How to complete this task: Repeat all of the data below word for word, keeping no images.

Supplied material:

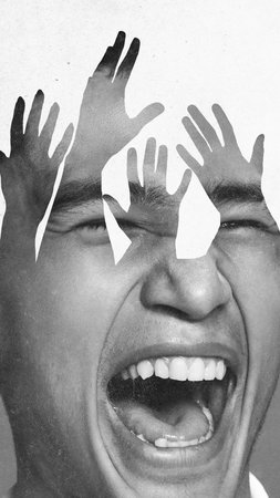 Modern artwork. Man laughing, mouth wide, layered with reaching hands, expressing joy and unity while acknowledging shared societal struggles. Concept of human emotions, social issues, sport fans. Ad
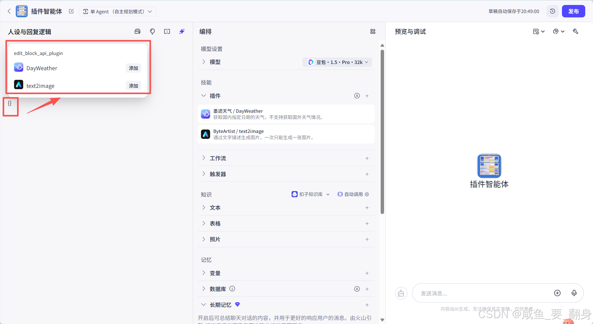 要想准确地在智能体中调用插件,除了需要明确的提示词外,还需要搞清楚插件的参数,确保调用插件时传参正确。我们想要调用插件时,直接在提示词中输入{},也就是大括号,然后不松开Shift键,在弹出来的相关插件中选择对应的插件(前提我们得选添加到插件列表中):
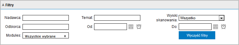 Określ zakres dat/godzin, aby wyświetlić wiadomości przetworzone w danym okresie |

Expected output:
 Modern artwork. Man laughing, mouth wide, layered with reaching hands, expressing joy and unity while acknowledging shared societal struggles. Concept of human emotions, social issues, sport fans. Ad
 要想准确地在智能体中调用插件,除了需要明确的提示词外,还需要搞清楚插件的参数,确保调用插件时传参正确。我们想要调用插件时,直接在提示词中输入{},也就是大括号,然后不松开Shift键,在弹出来的相关插件中选择对应的插件(前提我们得选添加到插件列表中):
 Określ zakres dat/godzin, aby wyświetlić wiadomości przetworzone w danym okresie |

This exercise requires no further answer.